● **TASK TO CARRY OUT**: Word for word, write out the entries that follow, omitting all pictures.
(Beginning of DATA FOR THIS TASK)
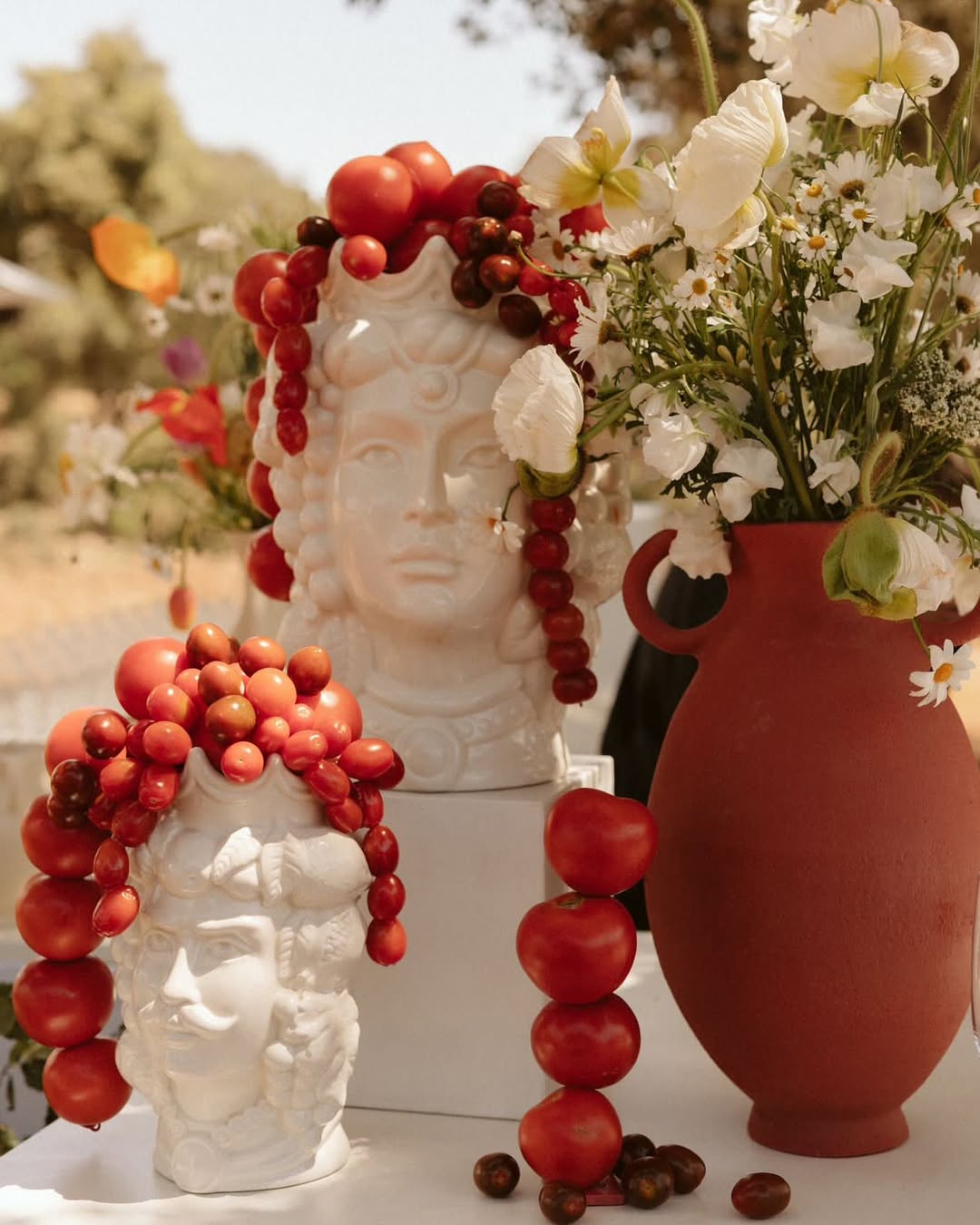 Tomatoes are stealing the spotlight, proving they’re more than just a kitchen staple. With their bold colors and natural shine, they bring a playful Mediterranean energy that feels both modern and timeless. Styled creatively, they can shift from rustic charm to high-fashion statement pieces, making them one of the most versatile décor elements of the season.
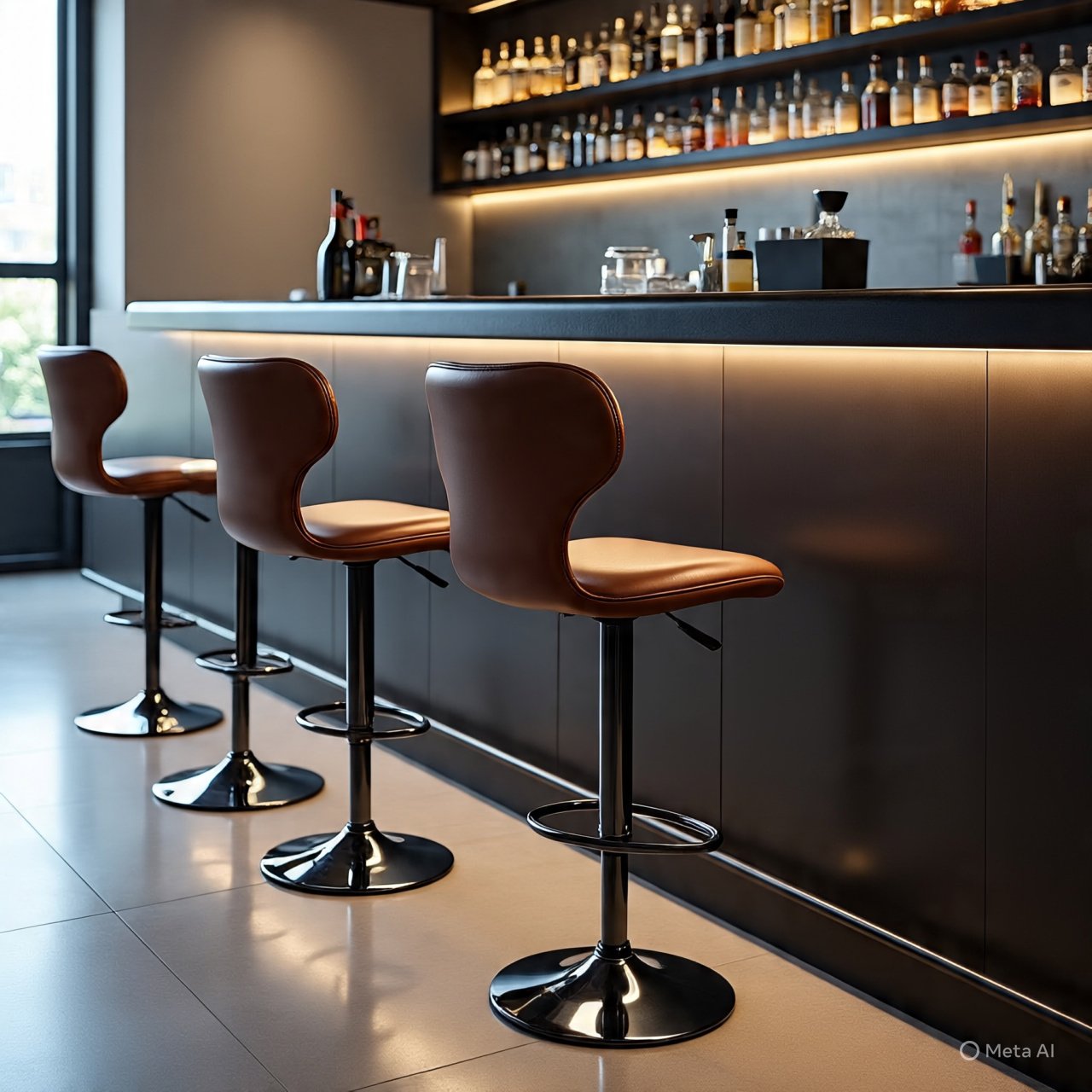 These adjustable bar stools feature a sleek modern design with smooth PU leather upholstery that is easy to clean and comfortable for everyday use. The curved mid-back provides gentle support for your lower and mid back, helping you sit comfortably for longer periods. With a smooth 360° swivel, you can turn freely without moving the stool, making conversations and movement effortless. The height-adjustable mechanism allows a perfect fit for different counter and bar heights, while the sturdy metal base and built-in footrest add stability and support, making these bar chairs both stylish and practical for kitchens, dining areas, or home bars.
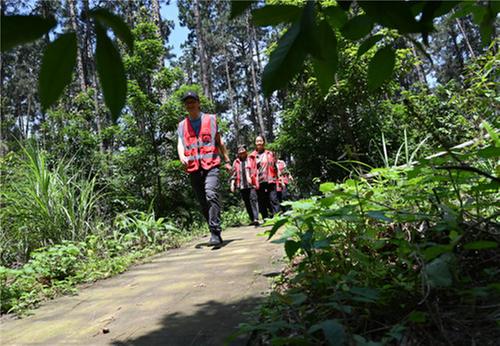 6月12日,內(nèi)江市東興區(qū)郭北鎮(zhèn)長壩村,護林員在長江森林公園常態(tài)化開展森林巡防。
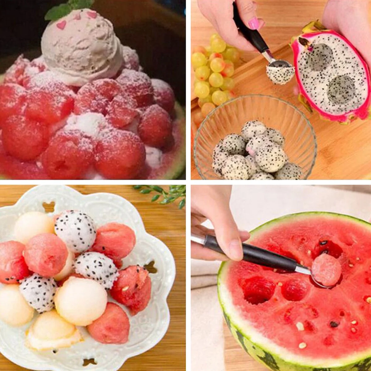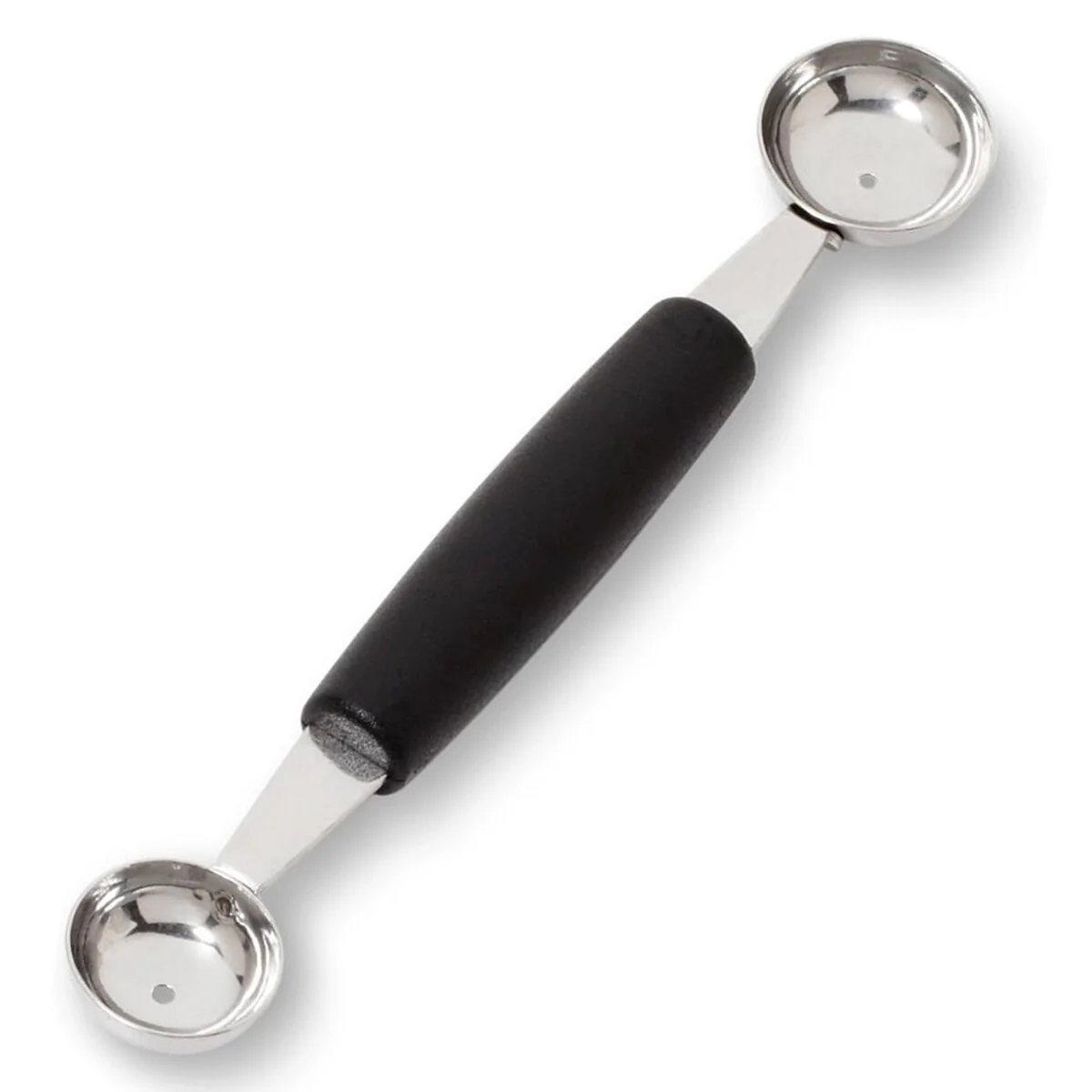Material: Stainless Steel Carve up balls from melons 2 different sized scoops Great for garnishing, fruit salads, etc. Rubber grip for easy handling
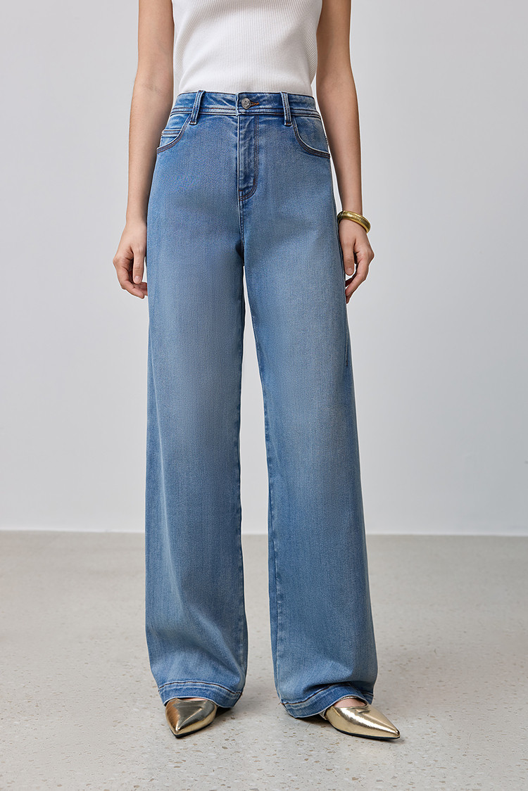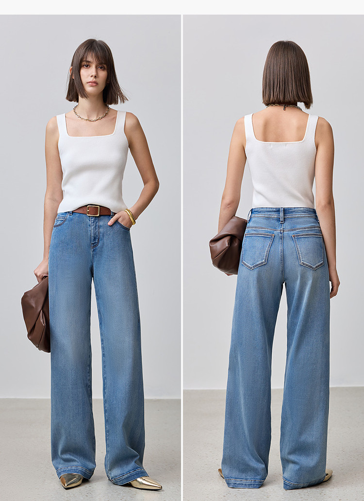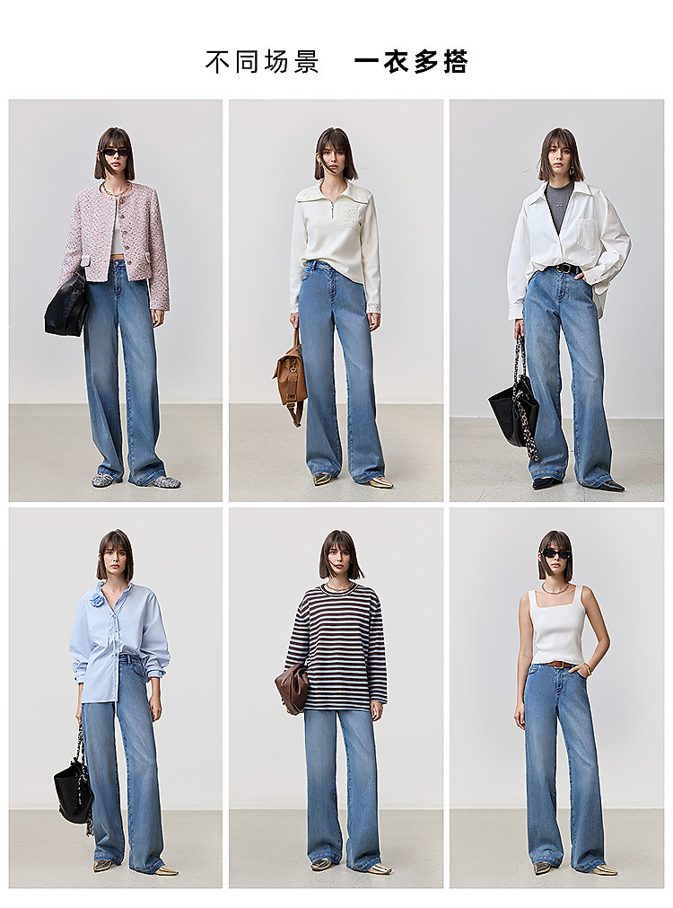 商品名称:【云朵阔腿裤】2025春季复古高腰宽松休闲显瘦百搭直筒裤牛仔裤女 212507
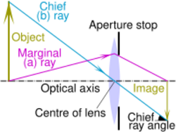 The principal ray or chief ray (sometimes known as the b ray) in an optical system is the meridional ray that starts at an edge of an object and passes through the center of the aperture stop.[5][8][7] The distance between the chief ray (or an extension of it for a virtual image) and the optical axis at an image location defines the size of the image. This ray (or forward and backward extensions of it for virtual image pupils) crosses the optical axis at the locations of the entrance and exit pupils. The marginal and chief rays together define the Lagrange invariant, which characterizes the throughput or etendue of the optical system.[9] Some authors define a "principal ray" for each object point, and in this case, the principal ray starting at an edge point of the object may then be called the marginal principal ray.[6]
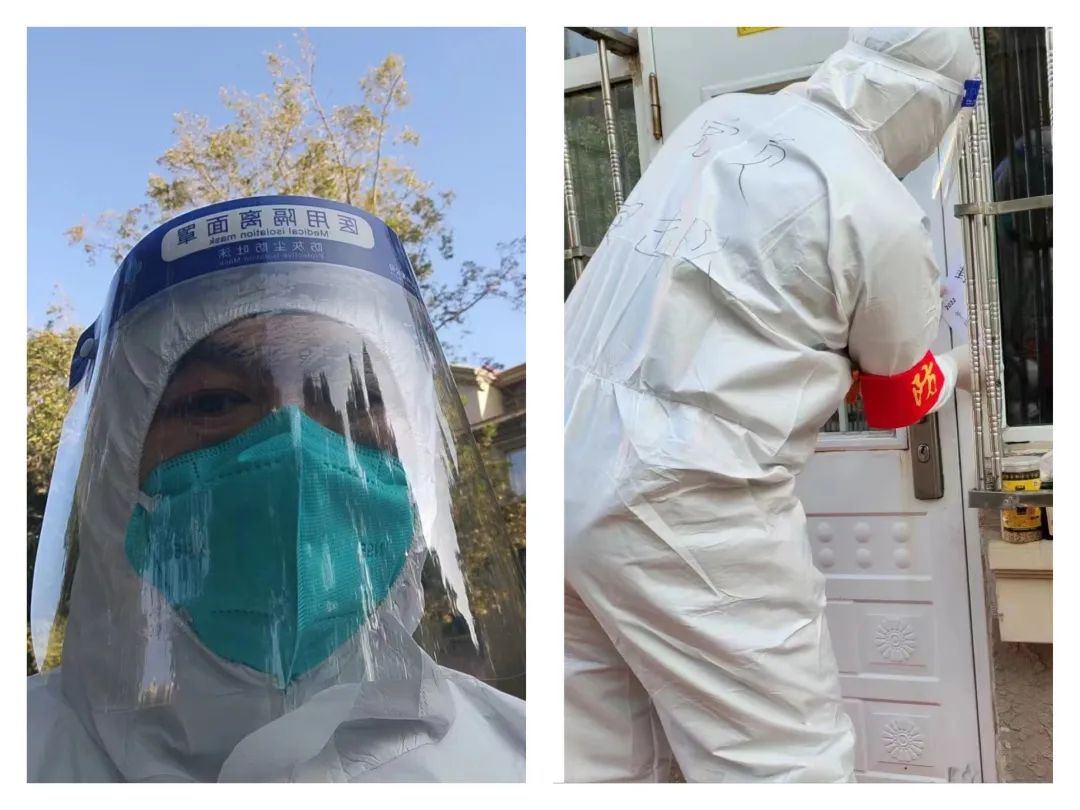 为协助社区做好居民核酸检测工作,在社区工作人员的安排下,刘老师穿上防护服承担起巡逻小组的组织和协调的工作,除完成巡逻劝导、在时间允许的情况下积极协助维护核酸检测。
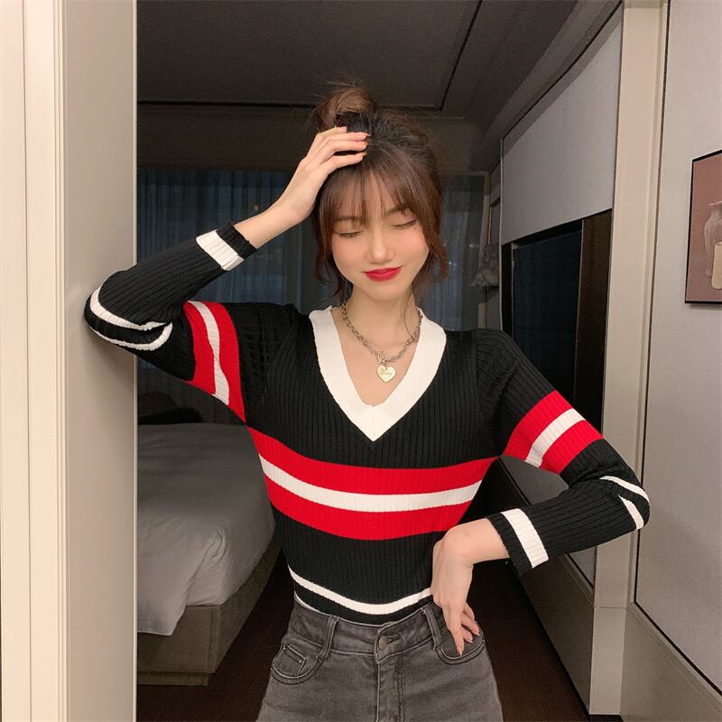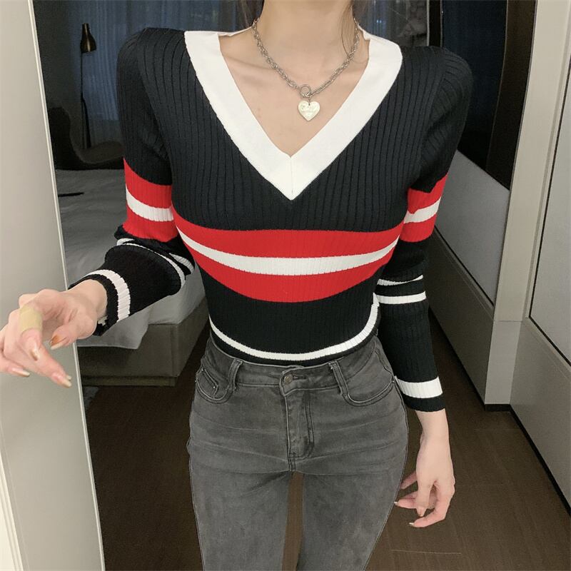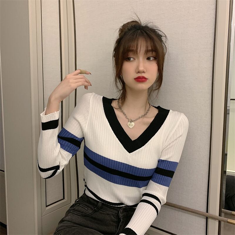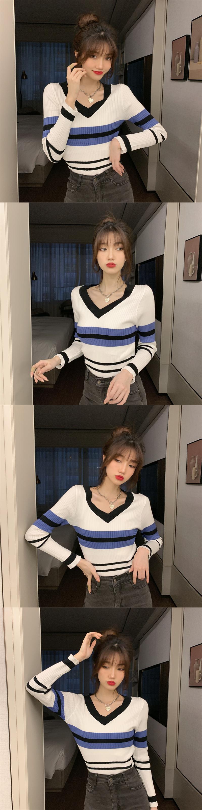 Vネックストライプスタイルニットセーター レディース ロング Xiaofeijia32307876266
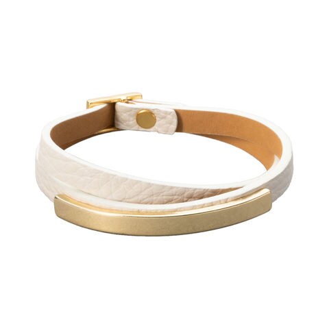 相性抜群のメタルプレートとレザーの組み合わせが知的な印象を与える、2連ブレスレットが登場。
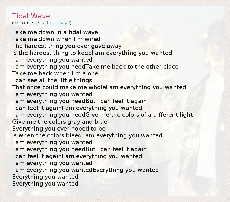 А как ты думаешь, о чем песня "Tidal Wave" ?
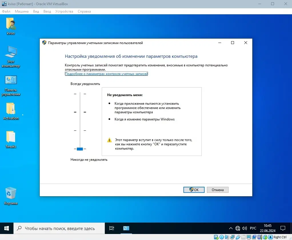 - Отключён UAC, что упрощает выполнение административных задач, а папка Backup очищена для освобождения места.
(End of DATA FOR THIS TASK)
● **SOLUTION TO THE PROBLEM**:
 Tomatoes are stealing the spotlight, proving they’re more than just a kitchen staple. With their bold colors and natural shine, they bring a playful Mediterranean energy that feels both modern and timeless. Styled creatively, they can shift from rustic charm to high-fashion statement pieces, making them one of the most versatile décor elements of the season.
 These adjustable bar stools feature a sleek modern design with smooth PU leather upholstery that is easy to clean and comfortable for everyday use. The curved mid-back provides gentle support for your lower and mid back, helping you sit comfortably for longer periods. With a smooth 360° swivel, you can turn freely without moving the stool, making conversations and movement effortless. The height-adjustable mechanism allows a perfect fit for different counter and bar heights, while the sturdy metal base and built-in footrest add stability and support, making these bar chairs both stylish and practical for kitchens, dining areas, or home bars.
 6月12日,內(nèi)江市東興區(qū)郭北鎮(zhèn)長壩村,護林員在長江森林公園常態(tài)化開展森林巡防。
Material: Stainless Steel Carve up balls from melons 2 different sized scoops Great for garnishing, fruit salads, etc. Rubber grip for easy handling
 商品名称:【云朵阔腿裤】2025春季复古高腰宽松休闲显瘦百搭直筒裤牛仔裤女 212507
 The principal ray or chief ray (sometimes known as the b ray) in an optical system is the meridional ray that starts at an edge of an object and passes through the center of the aperture stop.[5][8][7] The distance between the chief ray (or an extension of it for a virtual image) and the optical axis at an image location defines the size of the image. This ray (or forward and backward extensions of it for virtual image pupils) crosses the optical axis at the locations of the entrance and exit pupils. The marginal and chief rays together define the Lagrange invariant, which characterizes the throughput or etendue of the optical system.[9] Some authors define a "principal ray" for each object point, and in this case, the principal ray starting at an edge point of the object may then be called the marginal principal ray.[6]
 为协助社区做好居民核酸检测工作,在社区工作人员的安排下,刘老师穿上防护服承担起巡逻小组的组织和协调的工作,除完成巡逻劝导、在时间允许的情况下积极协助维护核酸检测。
 Vネックストライプスタイルニットセーター レディース ロング Xiaofeijia32307876266
 相性抜群のメタルプレートとレザーの組み合わせが知的な印象を与える、2連ブレスレットが登場。
 А как ты думаешь, о чем песня "Tidal Wave" ?
 - Отключён UAC, что упрощает выполнение административных задач, а папка Backup очищена для освобождения места.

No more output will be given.